**Data block:**
──────
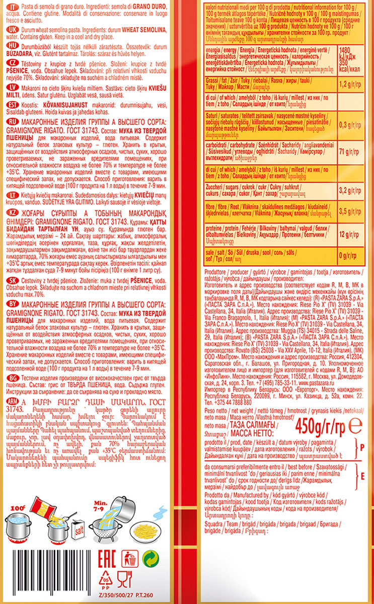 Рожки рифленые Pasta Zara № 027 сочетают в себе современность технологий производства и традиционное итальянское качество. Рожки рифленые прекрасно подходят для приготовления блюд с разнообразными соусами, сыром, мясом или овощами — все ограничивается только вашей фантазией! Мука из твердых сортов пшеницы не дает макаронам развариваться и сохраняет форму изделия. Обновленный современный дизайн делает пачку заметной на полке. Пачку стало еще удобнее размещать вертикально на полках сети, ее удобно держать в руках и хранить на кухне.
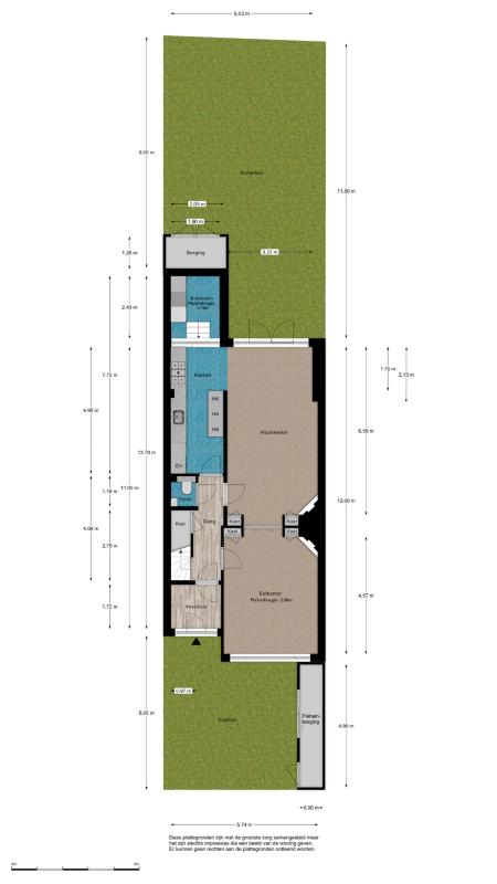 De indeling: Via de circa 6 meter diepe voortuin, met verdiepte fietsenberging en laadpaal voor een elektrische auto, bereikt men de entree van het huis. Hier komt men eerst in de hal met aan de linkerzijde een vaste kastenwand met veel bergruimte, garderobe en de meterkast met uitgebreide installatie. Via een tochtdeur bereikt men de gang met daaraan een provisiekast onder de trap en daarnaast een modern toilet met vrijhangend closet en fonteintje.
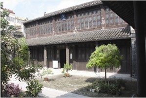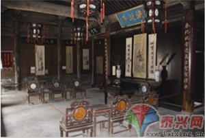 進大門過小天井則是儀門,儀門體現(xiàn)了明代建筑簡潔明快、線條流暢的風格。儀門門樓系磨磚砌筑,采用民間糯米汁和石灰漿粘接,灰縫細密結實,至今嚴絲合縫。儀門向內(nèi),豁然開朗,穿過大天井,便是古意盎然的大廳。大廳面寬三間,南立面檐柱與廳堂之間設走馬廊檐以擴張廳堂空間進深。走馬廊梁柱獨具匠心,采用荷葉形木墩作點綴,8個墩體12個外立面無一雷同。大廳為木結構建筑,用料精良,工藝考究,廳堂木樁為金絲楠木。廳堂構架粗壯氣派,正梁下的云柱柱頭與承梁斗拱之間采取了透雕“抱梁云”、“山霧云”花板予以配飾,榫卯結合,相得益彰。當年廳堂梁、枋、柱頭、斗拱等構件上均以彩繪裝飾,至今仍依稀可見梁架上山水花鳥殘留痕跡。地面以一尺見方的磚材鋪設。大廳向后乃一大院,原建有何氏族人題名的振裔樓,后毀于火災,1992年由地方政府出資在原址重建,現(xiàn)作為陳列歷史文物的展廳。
──────
**Brief:**
Starting at the line that holds "De indeling: Via" and stopping at the last line of the listing above, write out each line exactly as it appears, and omit the pictures.

**Answer section:**
 De indeling: Via de circa 6 meter diepe voortuin, met verdiepte fietsenberging en laadpaal voor een elektrische auto, bereikt men de entree van het huis. Hier komt men eerst in de hal met aan de linkerzijde een vaste kastenwand met veel bergruimte, garderobe en de meterkast met uitgebreide installatie. Via een tochtdeur bereikt men de gang met daaraan een provisiekast onder de trap en daarnaast een modern toilet met vrijhangend closet en fonteintje.
 進大門過小天井則是儀門,儀門體現(xiàn)了明代建筑簡潔明快、線條流暢的風格。儀門門樓系磨磚砌筑,采用民間糯米汁和石灰漿粘接,灰縫細密結實,至今嚴絲合縫。儀門向內(nèi),豁然開朗,穿過大天井,便是古意盎然的大廳。大廳面寬三間,南立面檐柱與廳堂之間設走馬廊檐以擴張廳堂空間進深。走馬廊梁柱獨具匠心,采用荷葉形木墩作點綴,8個墩體12個外立面無一雷同。大廳為木結構建筑,用料精良,工藝考究,廳堂木樁為金絲楠木。廳堂構架粗壯氣派,正梁下的云柱柱頭與承梁斗拱之間采取了透雕“抱梁云”、“山霧云”花板予以配飾,榫卯結合,相得益彰。當年廳堂梁、枋、柱頭、斗拱等構件上均以彩繪裝飾,至今仍依稀可見梁架上山水花鳥殘留痕跡。地面以一尺見方的磚材鋪設。大廳向后乃一大院,原建有何氏族人題名的振裔樓,后毀于火災,1992年由地方政府出資在原址重建,現(xiàn)作為陳列歷史文物的展廳。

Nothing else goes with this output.